Dix ans et des dizaines de concerts plus tard (à raison de quinze à vingt chaque année), l'association fédère à Paris, mais aussi à Lyon, plus de 200 musiciens professionnels. Lorsqu'ils se rendent à l'hôpital, trios ou quatuors se produisent dans des espaces communs, les couloirs ou même les chambres. « Nous faisons de la musique de chambre d'hôpital », plaisante Pierre Ragu, avant de souligner qu'au cours de ces concerts, « on joue de grandes oeuvres, pas forcément faciles, sans concession au répertoire. Et c'est beaucoup d'émotion : les enfants se montrent réceptifs, ils écoutent, totalement concentrés, un trio de Beethoven ».

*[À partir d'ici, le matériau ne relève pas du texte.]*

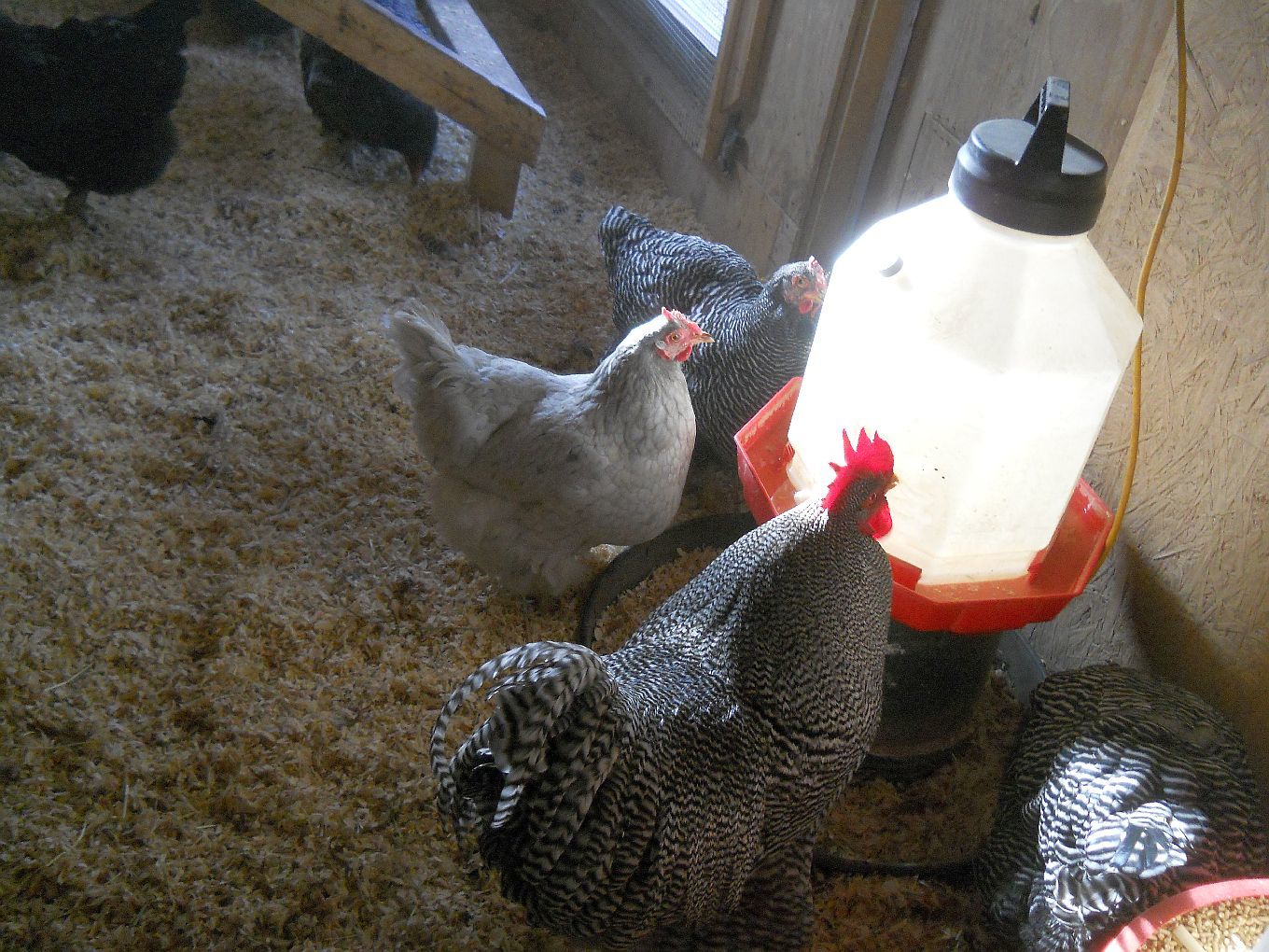 It's cold and very damp-feeling today so I never let Isaac out, not with his bad joints. Everyone else got out for awhile, long enough for Deacon to get his wattles bloody at the fence fighting with either Xander or Atlas.What a goober!![]()

Ou de Mozart, puisque c'est aujourd'hui de lui qu'il s'agit. Le temps de changer une perfusion, quelques airs plus connus ont succédé aux Divertimenti. L'air de Chérubin, tiré des Noces de Figaro, est l'occasion d'une petite mise au point. « Notre association porte le nom de Papageno. C'est un personnage de La Flûte enchantée, raconte Jean-Noël Crocq. C'est un vrai balourd. Mais grâce à ses clochettes magiques, il va être sauvé des animaux sauvages. Sauvé grâce à la musique ! »

temps suspendu

Par la porte ouverte, on entend des objets tomber, des chariots passer dans le couloir. De temps en temps, un soignant happé par les notes s'attarde un instant, puis retourne à ses activités. On appelle un jeune spectateur qui doit revenir à la réalité médicale : c'est l'heure de sa consultation. Un dernier morceau et le concert s'achève sous les applaudissements. Les enfants se lèvent, les parents s'ébrouent. L'espace d'une heure, la musique a suspendu le cours habituel du temps.